→ **Task prompt**
Only the lines from the one containing "Young hispanic woman" through the end of the listing belong in the answer, repeated exactly, with no pictures.

→ **Data shown**
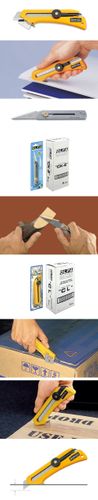 Specjalny nóż do otwierania zbiorczych kartonów. Kształt noża pozwala na precyzyjne ustalenie głębokości cięcia tak aby nie uszkodzić zawartości kartonu. Niewielki, stalowy zaczep przeznaczony jest do usuwania zszywek stosowanych do zamykania opakowań. Nóż wyposażony jest także w stalową wysuwaną prowadnicę. Przy jej wykorzystaniu można dokładnie wyciąć jedną ścianę kartonu bez ryzyka uszkodzenia zawartości opakowania. Położenie ostrza blokowane jest sprawdzoną, skuteczną blokadą ze śrubą, a korpus noża wykonany jest z trwałego tworzywa sztucznego (ABS). Idealne narzędzie do prac magazynowych
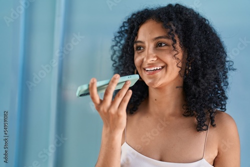 Young hispanic woman smiling confident talking on the smartphone over blue background
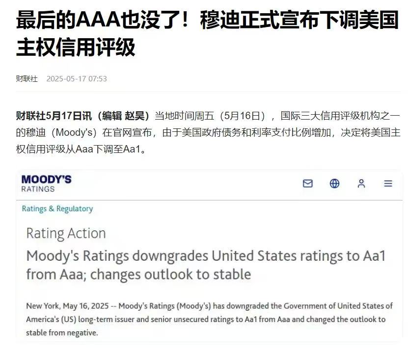 1、美国评级遭下调,国际信用评级机构穆迪5月16日宣布,由于美国政府债务和利率支付比例增加,该机构决定将美国主权信用评级从Aaa下调至Aa1,同时将美国主权信用评级展望从“负面”调整为“稳定”。

→ **Expected output**
 Young hispanic woman smiling confident talking on the smartphone over blue background
 1、美国评级遭下调,国际信用评级机构穆迪5月16日宣布,由于美国政府债务和利率支付比例增加,该机构决定将美国主权信用评级从Aaa下调至Aa1,同时将美国主权信用评级展望从“负面”调整为“稳定”。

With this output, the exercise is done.